** Exercise materials follows **

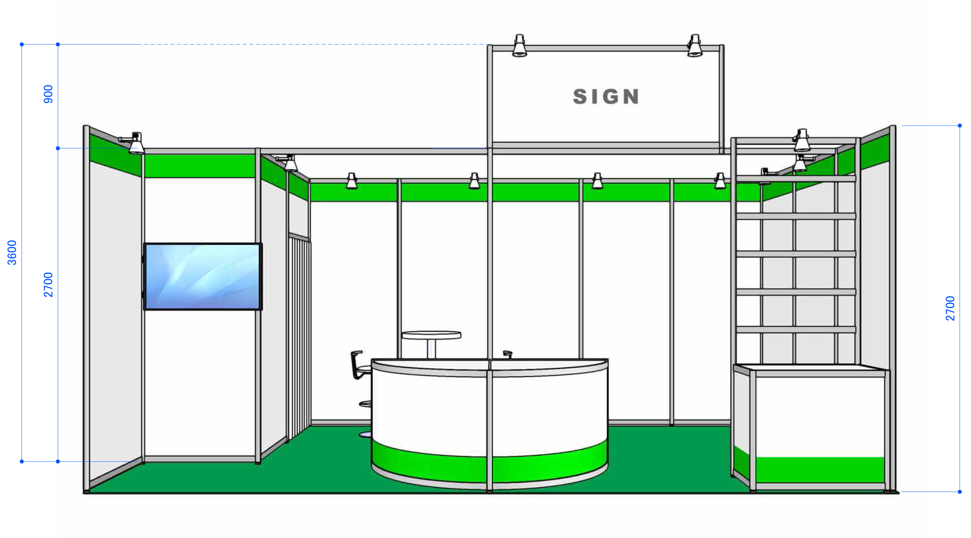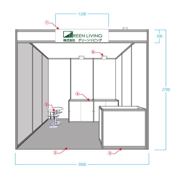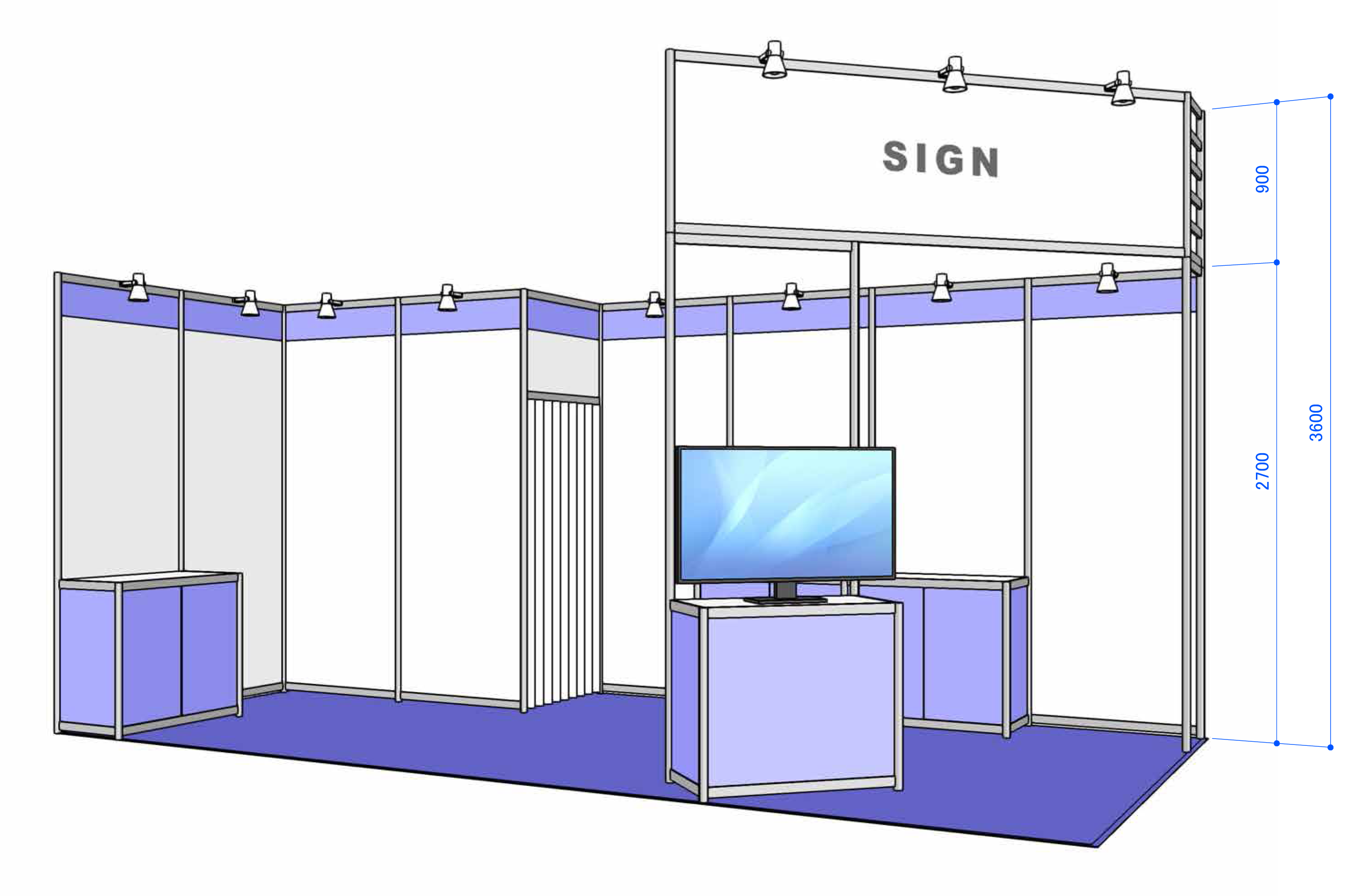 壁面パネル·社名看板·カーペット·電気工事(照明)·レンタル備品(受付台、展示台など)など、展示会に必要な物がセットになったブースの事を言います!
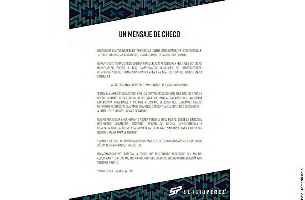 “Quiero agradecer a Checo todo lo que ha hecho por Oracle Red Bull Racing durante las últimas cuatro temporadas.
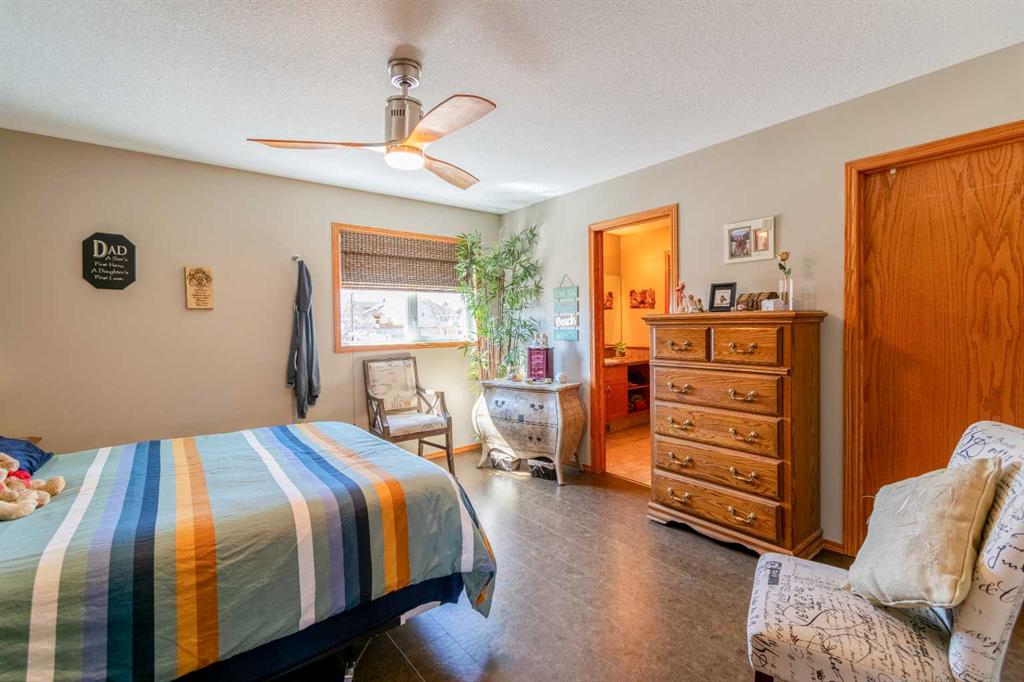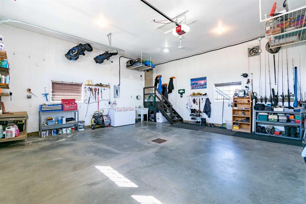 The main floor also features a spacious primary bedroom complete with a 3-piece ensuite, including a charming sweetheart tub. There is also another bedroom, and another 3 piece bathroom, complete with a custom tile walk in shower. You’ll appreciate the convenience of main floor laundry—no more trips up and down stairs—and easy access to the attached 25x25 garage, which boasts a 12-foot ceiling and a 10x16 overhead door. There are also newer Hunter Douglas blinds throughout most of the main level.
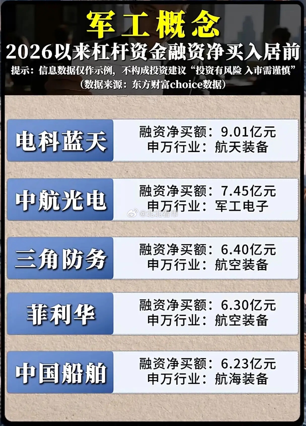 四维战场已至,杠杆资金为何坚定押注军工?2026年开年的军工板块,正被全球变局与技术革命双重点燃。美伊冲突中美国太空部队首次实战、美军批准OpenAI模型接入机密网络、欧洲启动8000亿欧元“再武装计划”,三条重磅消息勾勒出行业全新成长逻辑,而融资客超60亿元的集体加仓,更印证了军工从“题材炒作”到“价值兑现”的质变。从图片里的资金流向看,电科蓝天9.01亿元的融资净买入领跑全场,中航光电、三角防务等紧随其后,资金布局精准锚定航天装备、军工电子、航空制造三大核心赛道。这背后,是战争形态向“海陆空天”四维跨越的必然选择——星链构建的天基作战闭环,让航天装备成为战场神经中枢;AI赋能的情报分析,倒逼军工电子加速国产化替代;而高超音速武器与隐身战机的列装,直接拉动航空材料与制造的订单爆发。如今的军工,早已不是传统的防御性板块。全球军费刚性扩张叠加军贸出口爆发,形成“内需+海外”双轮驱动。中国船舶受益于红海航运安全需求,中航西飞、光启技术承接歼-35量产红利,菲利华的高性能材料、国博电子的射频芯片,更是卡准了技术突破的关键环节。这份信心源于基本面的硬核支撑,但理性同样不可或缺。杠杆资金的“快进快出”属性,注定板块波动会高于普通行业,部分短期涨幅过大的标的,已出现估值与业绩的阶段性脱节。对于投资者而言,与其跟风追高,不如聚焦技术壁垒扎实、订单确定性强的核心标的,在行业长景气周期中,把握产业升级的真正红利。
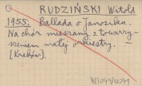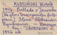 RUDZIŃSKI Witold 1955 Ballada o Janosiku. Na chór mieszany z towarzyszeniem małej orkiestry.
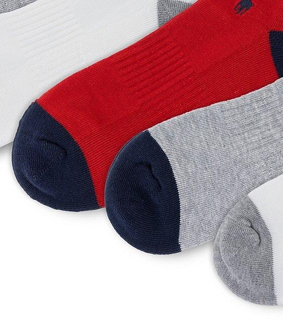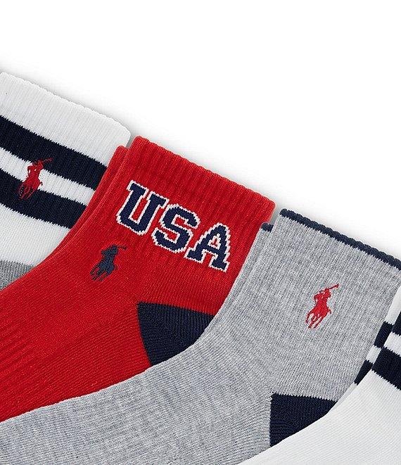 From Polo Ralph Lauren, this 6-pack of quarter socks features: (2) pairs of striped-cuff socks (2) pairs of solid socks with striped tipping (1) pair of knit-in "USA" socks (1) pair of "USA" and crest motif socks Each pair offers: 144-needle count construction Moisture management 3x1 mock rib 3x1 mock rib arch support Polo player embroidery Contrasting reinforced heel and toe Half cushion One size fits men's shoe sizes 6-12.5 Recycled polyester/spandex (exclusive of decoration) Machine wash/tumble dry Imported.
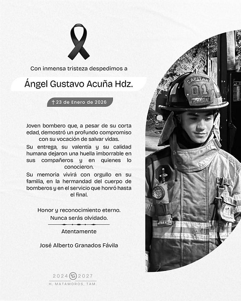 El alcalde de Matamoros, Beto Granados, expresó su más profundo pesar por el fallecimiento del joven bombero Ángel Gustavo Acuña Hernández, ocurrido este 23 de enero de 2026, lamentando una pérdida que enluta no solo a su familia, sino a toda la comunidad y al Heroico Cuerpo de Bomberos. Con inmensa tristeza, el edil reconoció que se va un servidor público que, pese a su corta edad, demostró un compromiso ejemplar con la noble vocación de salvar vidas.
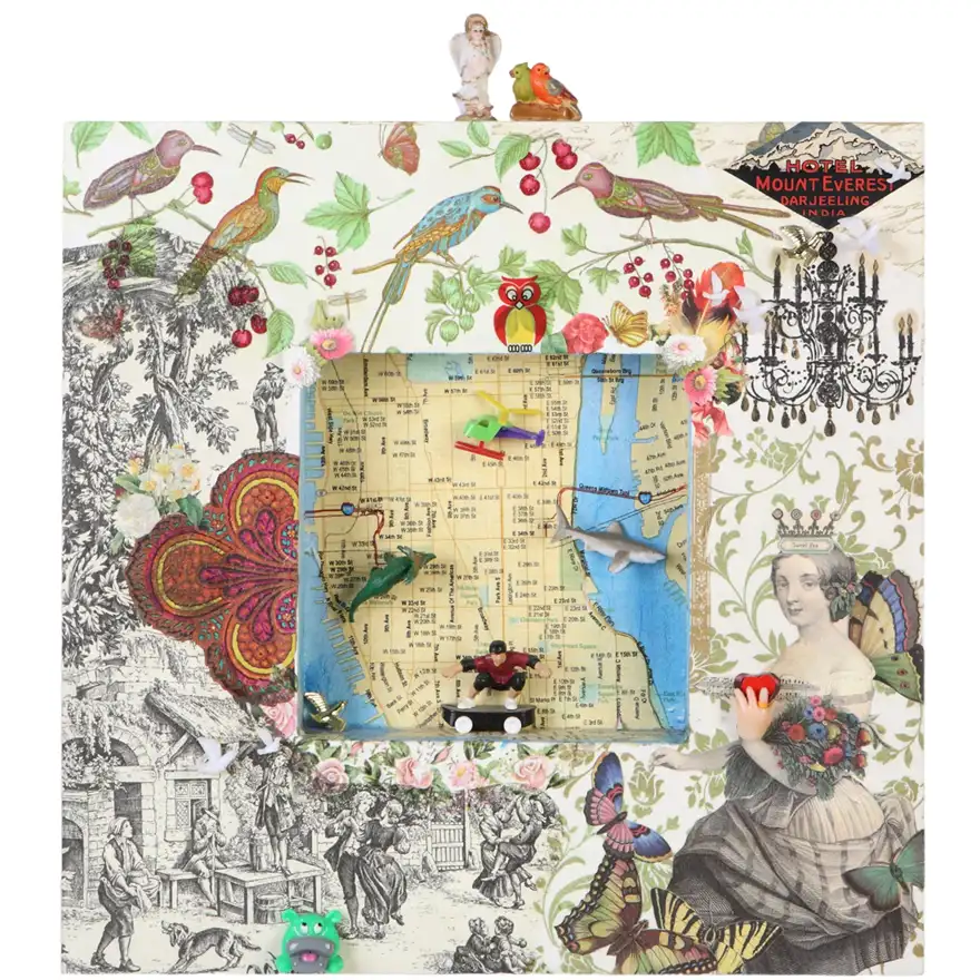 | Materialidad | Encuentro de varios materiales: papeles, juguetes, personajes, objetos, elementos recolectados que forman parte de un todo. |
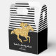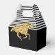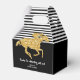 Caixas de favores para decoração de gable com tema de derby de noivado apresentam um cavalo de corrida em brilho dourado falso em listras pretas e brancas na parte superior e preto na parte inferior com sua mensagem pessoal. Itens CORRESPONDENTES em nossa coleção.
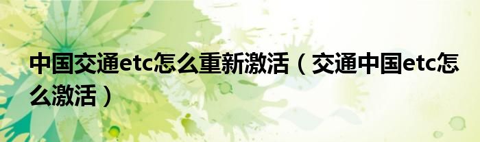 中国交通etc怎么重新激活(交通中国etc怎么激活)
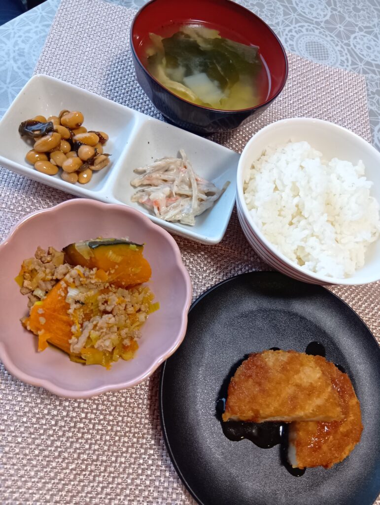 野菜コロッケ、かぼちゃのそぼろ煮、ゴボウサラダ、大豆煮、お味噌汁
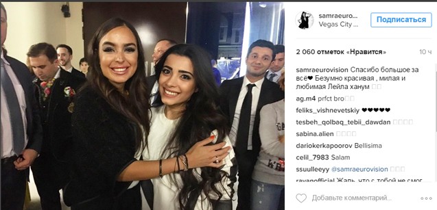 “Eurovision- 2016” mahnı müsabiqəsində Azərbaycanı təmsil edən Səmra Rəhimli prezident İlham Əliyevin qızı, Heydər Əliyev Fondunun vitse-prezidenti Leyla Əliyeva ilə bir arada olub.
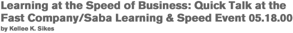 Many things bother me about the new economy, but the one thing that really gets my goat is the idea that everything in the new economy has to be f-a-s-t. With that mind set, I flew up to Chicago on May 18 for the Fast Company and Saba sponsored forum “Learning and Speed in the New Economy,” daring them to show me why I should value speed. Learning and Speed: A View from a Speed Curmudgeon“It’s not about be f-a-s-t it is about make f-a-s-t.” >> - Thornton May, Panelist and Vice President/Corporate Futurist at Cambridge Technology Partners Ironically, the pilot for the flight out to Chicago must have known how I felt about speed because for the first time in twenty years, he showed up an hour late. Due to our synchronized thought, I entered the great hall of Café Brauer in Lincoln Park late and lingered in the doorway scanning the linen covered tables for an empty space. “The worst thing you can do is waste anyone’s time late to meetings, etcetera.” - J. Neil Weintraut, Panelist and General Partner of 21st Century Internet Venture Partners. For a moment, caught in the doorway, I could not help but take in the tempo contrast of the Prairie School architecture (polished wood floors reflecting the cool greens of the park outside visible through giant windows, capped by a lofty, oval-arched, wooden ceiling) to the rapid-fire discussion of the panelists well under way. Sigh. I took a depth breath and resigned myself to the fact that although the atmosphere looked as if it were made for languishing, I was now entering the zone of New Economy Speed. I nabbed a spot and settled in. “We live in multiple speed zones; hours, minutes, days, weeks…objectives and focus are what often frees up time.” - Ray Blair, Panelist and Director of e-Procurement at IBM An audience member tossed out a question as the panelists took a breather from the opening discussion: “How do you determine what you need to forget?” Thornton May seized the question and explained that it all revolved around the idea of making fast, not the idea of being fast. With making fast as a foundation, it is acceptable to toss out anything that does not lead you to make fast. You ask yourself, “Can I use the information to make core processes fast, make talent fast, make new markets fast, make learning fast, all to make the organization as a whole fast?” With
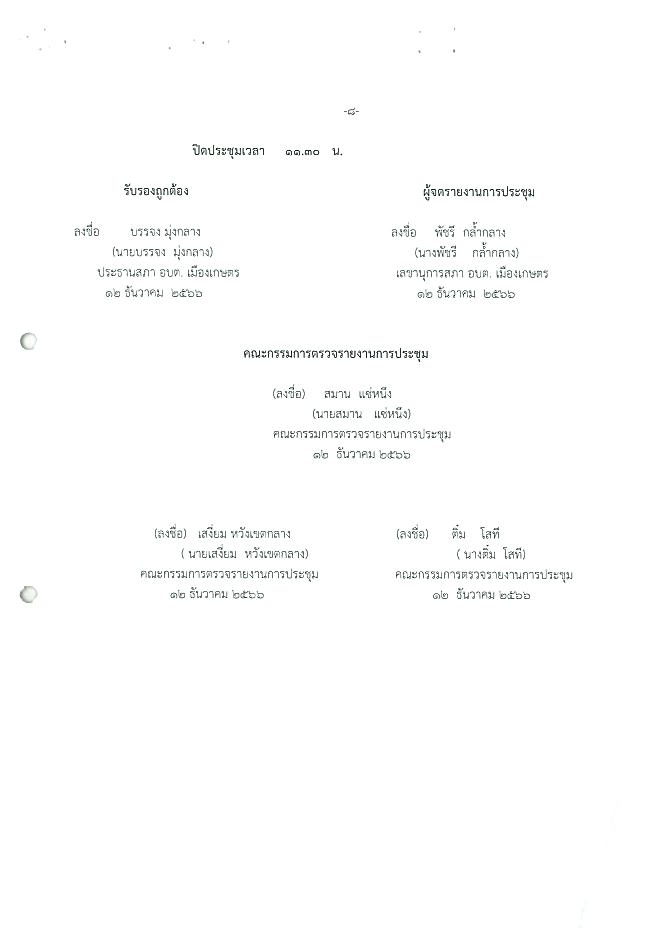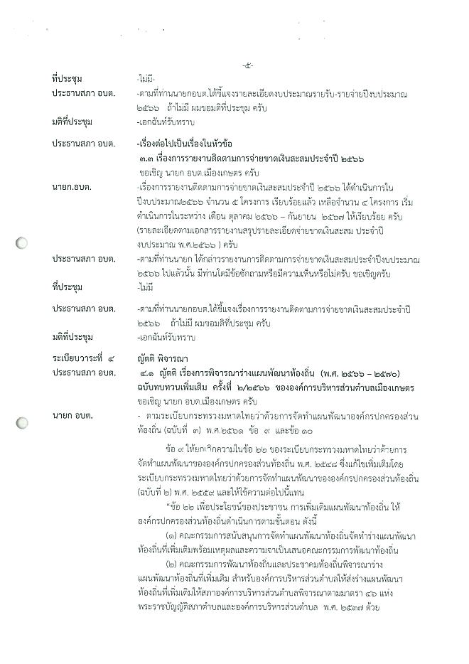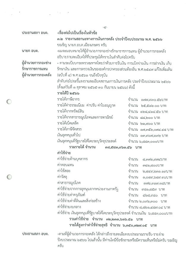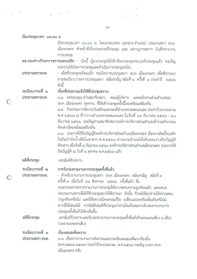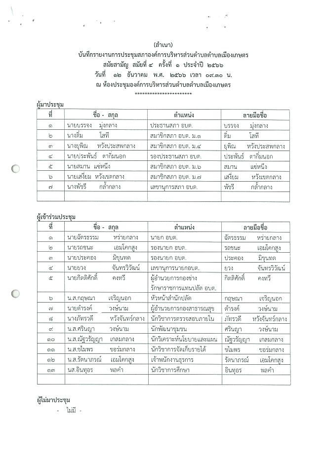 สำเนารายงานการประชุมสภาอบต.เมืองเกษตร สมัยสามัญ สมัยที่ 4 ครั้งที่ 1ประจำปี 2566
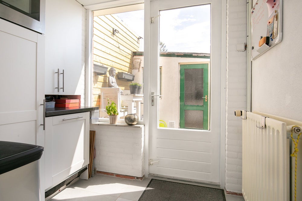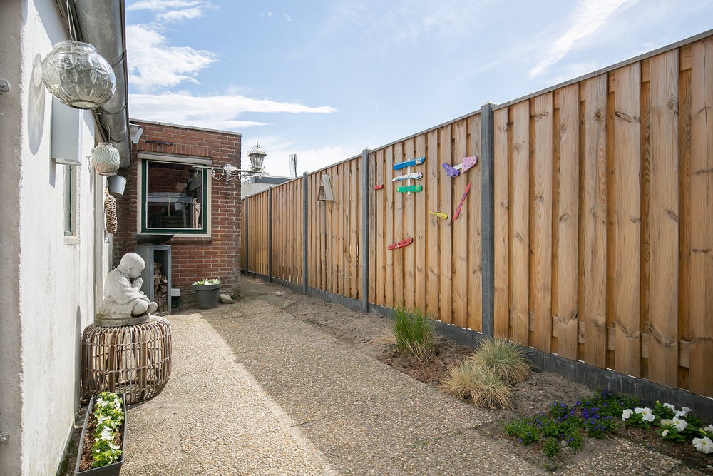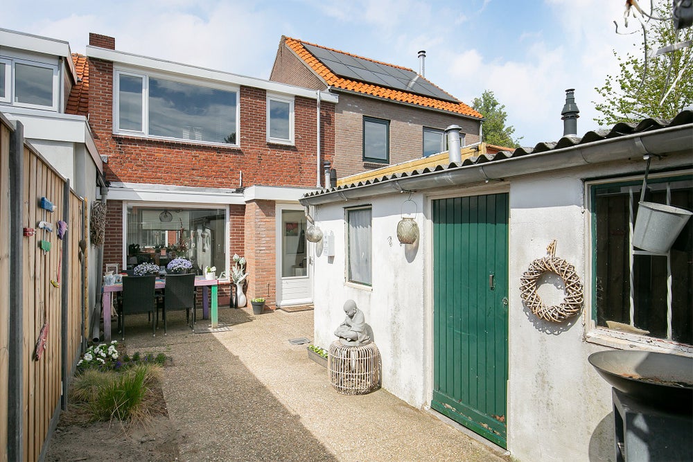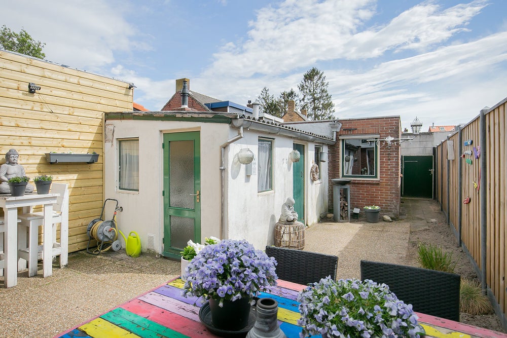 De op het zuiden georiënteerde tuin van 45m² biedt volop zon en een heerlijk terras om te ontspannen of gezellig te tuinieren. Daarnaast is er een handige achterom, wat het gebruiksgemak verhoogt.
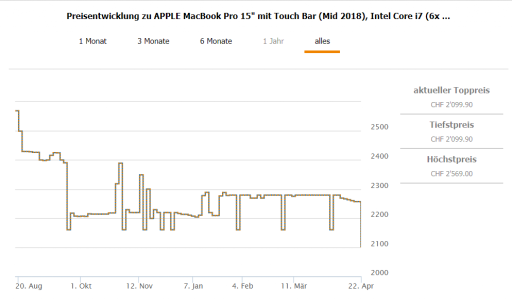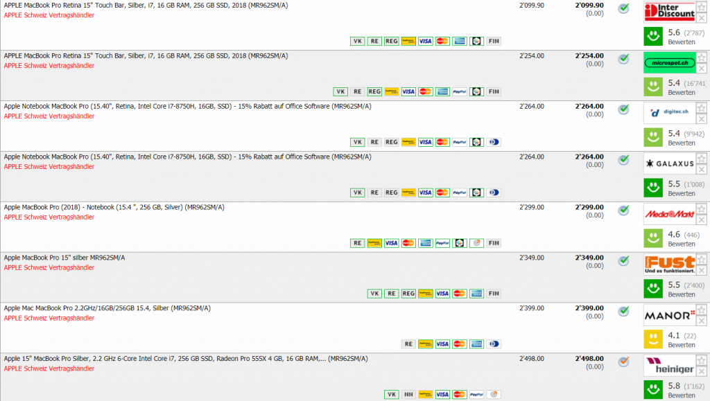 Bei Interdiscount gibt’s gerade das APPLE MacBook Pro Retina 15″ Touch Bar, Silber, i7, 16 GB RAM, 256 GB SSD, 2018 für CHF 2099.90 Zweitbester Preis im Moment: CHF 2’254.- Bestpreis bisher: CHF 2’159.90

** End of Exercise materials **

Required work
Provide the lines again, unchanged, from where the data above begins through the line containing "The main floor", both ends included, omitting pictures and adding nothing.

Result
 壁面パネル·社名看板·カーペット·電気工事(照明)·レンタル備品(受付台、展示台など)など、展示会に必要な物がセットになったブースの事を言います!
 “Quiero agradecer a Checo todo lo que ha hecho por Oracle Red Bull Racing durante las últimas cuatro temporadas.
 The main floor also features a spacious primary bedroom complete with a 3-piece ensuite, including a charming sweetheart tub. There is also another bedroom, and another 3 piece bathroom, complete with a custom tile walk in shower. You’ll appreciate the convenience of main floor laundry—no more trips up and down stairs—and easy access to the attached 25x25 garage, which boasts a 12-foot ceiling and a 10x16 overhead door. There are also newer Hunter Douglas blinds throughout most of the main level.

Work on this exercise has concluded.